HSP90's role of chaperonin and transporter can be described well by its interaction with transforming cellular signal molecules and the proteasomes that may or may not degrade them. The S26 proteasome and all of its subsequent subunits are an integral part of proteolysis as well as the regulation in the cell and not only has been found to cease functioning, but also break up into its constituent subunits without the constant supply of functional HSP90 needed to maintain its tertiary structure.(14) HSP90 is a major helper in assembling and causing the ATP-dependant folding of S26, the importance of this is found in the fact that the S26 proteasome targets virtually all eukaryotic proteins for degradation and are usually marked for destruction through the polyubiquitation pathway.(7,16) Furthermore, experiments done with heat sensitive HPS90 mutants and the S26 proteasome have indicated that, most likely, HSP90 was responsible for most, if not all, of the ATPase activity of the proteasome.(7) As previously stated, the S26


proteasome performs proteolysis on virtually all ubiquinated proteins which includes some tyrosine kinases, such as Her-2 (p185erbB2) which is commonly overproduced in cancerous tumors and p60v-src which is the transforming agent coded for by the Rous sarcoma virus.(13) In the cases of both Her-2 (p185erbB2) and p60v-src studies using benzoquinone ansamycin antibiotics (BA) have indicated that HSP90's ATPase active site is being blocked in a way similar to geldanamycin would and therefore the chaperonin is unable to adequately complex the aforementioned tyrosine kinases.(13,17) As a result of HSP90 inability to bind to the kinases, and preventing their imminent ubiquitination by complexing the kinase to HSP90's transmembrane homolog GRP94(19) and are left to be subsequently tagged and degraded by proteasomes.(18) As stated, HSP90's plays a role in many of the facets of all types of cellular processes.

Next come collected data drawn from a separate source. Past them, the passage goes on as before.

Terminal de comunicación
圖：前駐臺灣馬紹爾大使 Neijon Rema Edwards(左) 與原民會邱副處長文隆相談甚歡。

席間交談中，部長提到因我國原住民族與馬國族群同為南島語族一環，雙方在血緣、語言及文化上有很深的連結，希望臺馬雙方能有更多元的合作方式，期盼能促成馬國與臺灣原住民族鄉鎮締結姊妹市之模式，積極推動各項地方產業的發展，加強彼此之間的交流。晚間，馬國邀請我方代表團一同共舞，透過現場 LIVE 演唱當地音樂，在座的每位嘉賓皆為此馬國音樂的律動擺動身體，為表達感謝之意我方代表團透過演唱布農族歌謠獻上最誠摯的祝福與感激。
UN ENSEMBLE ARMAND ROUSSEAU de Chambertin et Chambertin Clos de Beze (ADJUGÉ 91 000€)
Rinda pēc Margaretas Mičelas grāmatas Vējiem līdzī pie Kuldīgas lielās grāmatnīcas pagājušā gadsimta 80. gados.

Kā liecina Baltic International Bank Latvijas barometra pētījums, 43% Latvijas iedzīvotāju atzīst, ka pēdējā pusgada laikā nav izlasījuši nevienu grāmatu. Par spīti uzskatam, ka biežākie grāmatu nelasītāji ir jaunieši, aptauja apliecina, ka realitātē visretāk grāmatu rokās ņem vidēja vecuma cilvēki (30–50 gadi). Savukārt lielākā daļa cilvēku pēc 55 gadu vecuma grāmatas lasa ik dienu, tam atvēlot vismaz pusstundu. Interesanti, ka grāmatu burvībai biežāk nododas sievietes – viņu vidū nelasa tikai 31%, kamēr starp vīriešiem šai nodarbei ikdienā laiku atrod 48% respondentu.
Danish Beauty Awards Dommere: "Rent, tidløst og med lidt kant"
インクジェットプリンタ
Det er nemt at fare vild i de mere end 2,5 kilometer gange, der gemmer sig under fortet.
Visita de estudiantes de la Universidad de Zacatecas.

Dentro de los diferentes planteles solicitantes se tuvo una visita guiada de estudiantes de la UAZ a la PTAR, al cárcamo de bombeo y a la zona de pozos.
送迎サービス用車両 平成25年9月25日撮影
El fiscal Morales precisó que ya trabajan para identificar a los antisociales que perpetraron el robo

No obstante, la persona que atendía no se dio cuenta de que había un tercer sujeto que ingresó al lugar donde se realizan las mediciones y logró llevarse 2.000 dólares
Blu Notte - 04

It is clear that HSP90 plays a Janus-like role in the body. It is both everywhere and, yet, plays specific roles in the cell. The ability for the chaperonin to both make the S26 proteasome stable in vivo so as to allow the cell to timely degrade unwanted and/or harmful proteins and be responsible for allowing tumor causing kinases to persist in the cytoplasm that would normally be broken down by the same proteasome confirms these specific roles and at the same time show its functional diversity. First stage cancer treatment drug tests such as those with geldanamycin and its variations have put HSP90's importance into focus and have highlighted the need for full scale research into HSP90 related pathways. Naturally, with cancer being such a prevalent problem it, in particular, will encompass a good portion of future experimentation. Combined with the interest in HSP90's in vivo protein folding functions by proteonics researchers, this chaparonin will have a wide array of research completed in the near future.